> **AIM OF THE TASK**:
Only one stretch of the data below is needed: the line with "The watermark will" through the last line. Output it exactly and drop the pictures.

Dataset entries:
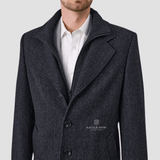 Classic Mens Coat / Winter Weight Wool / Removable Collar / Single Breasted / Four Button Front with Inner Zip Fastening / Buttoned Sleeves / Fully Lined / A Classic Winter Layer / Mens Winter Coat
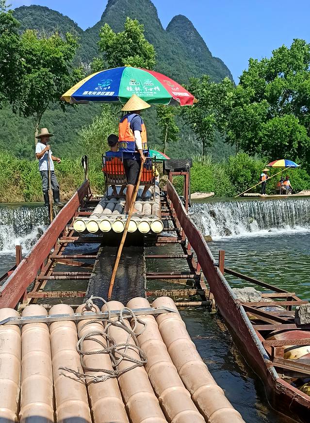 我们来的早(8点到的旧县城码头)也坐上竹筏了(180一筏)
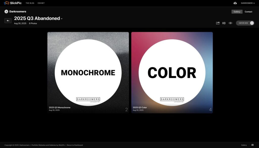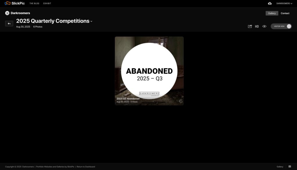 - Images submitted to the Quarterly Competition are NOT automatically eligible for the Darkroomers Year-End Competition. If you wish for your image to be considered for Year-End, you may also enter it into a Monthly Exhibition for judging and potential acceptance.
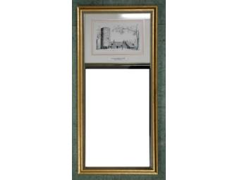 Find a special place for this beautiful pen and ink mirror which features a scene from Avon's campus. Illustrated in a style reminiscent of an Old English engraving, it is surrounded by a gold-tone wood frame and measures 12" x 25".
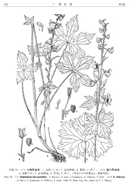 图版 52 1-5. 小瓣翠雀花 1. 花序ꎻ 2. 叶ꎻ 3. 退化雄蕊ꎻ 4. 蓇葖ꎻ 5. 种子ꎮ 6-9. 滇川翠雀花
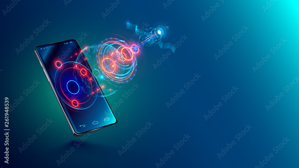 The watermark will not be included on Canvas Print.: Mobile global internet communications - world wide web on phone via wireless satellite network techno
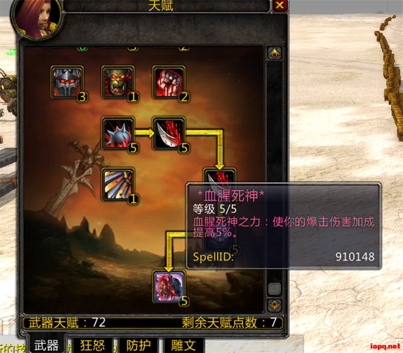 血腥死神(5/5):暴击伤害提升1%/2%/3%/4%/5%。(需要60点武器天赋和5点战神力量天赋)

> **FINISHED TASK**:
 The watermark will not be included on Canvas Print.: Mobile global internet communications - world wide web on phone via wireless satellite network techno
 血腥死神(5/5):暴击伤害提升1%/2%/3%/4%/5%。(需要60点武器天赋和5点战神力量天赋)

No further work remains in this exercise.